Inside these domes that resemble futuristic balloons floating above the seabed, hydroponics is the technique used to grow the plants: nutrient solutions replace soil, and roots are exposed to nutrient-rich water, eliminating the need for traditional arable land.
This approach allows for 80–95% water savings compared to conventional agriculture, according to studies on hydroponics.
Seawater plays an indirectly important role: the walls of the biosphere, heated by the sun, generate condensation that provides fresh water for the plants. This natural cycle of evaporation and condensation reduces dependence on external resources and supports a practically self-sustaining growing environment.
Why Grow Underwater?
Gamberini and his team’s proposal goes beyond scientific curiosity. The underwater domes were designed as a response to global challenges such as arable land scarcity, climate change, and water stress, issues that threaten food production on a global scale.
By leveraging the sea as cultivable space, the project explores unique advantages:
- More stable temperature that minimizes thermal shock for the plants;
- Natural protection against pests and extreme climate variations from the surface;
- Intensive use of filtered sunlight, combined with solar panels and wind turbines for facility energy;
- Food production in locations where land is limited or unproductive.
These characteristics make Nemo’s Garden a pioneering experience in sustainable agriculture, potentially relevant for arid coastal regions and islands dependent on fresh food imports, like the Maldives, where terrestrial agriculture is limited, and costly supply chains import nearly everything.

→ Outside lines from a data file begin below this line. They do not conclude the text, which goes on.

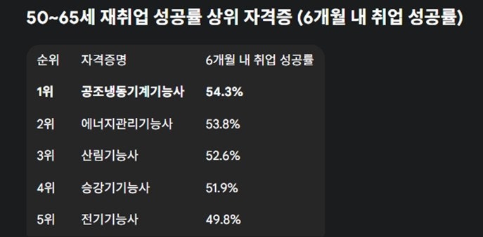 - 50세~65세 재취업이 가장 잘 되는 자격증 → 6개월내 취업 성공률 1위 ▷공조냉동기계기능사(54.3%) 이어 에너지관리기능사(53.8%), 산림기능사(52.6%), 승강기기능사(51.9%), 전기기능사(49.8%) 순. 첫 취업에서 급여가 가장 많은 자격은 ‘타워크레인 기능사로 월369만원.(매경)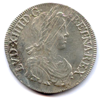 Écu d'argent à la mèche longue, 1651. 26,90g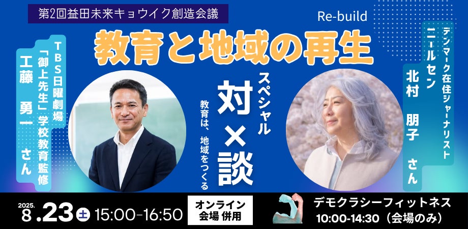 教育改革の第一人者・工藤勇一氏(オンライン登壇)と、デンマーク在住ジャーナリスト・ニールセン北村朋子氏が、次の問いを軸に語り合います:

What Is Being Grown and The Challenges
Currently, dozens of species have been successfully planted and observed inside the underwater biospheres, including:
- Lettuce and other leafy vegetables
- Basil and other aromatic herbs
- Beans and peas
- Strawberries
- Tomatoes and other smaller vegetables
This diversity shows that the system can accommodate over 100 plants per biosphere, something that surprised researchers due to the nutritional and aromatic quality of the plants, which in some cases proved to be richer in certain compounds than their land-grown counterparts.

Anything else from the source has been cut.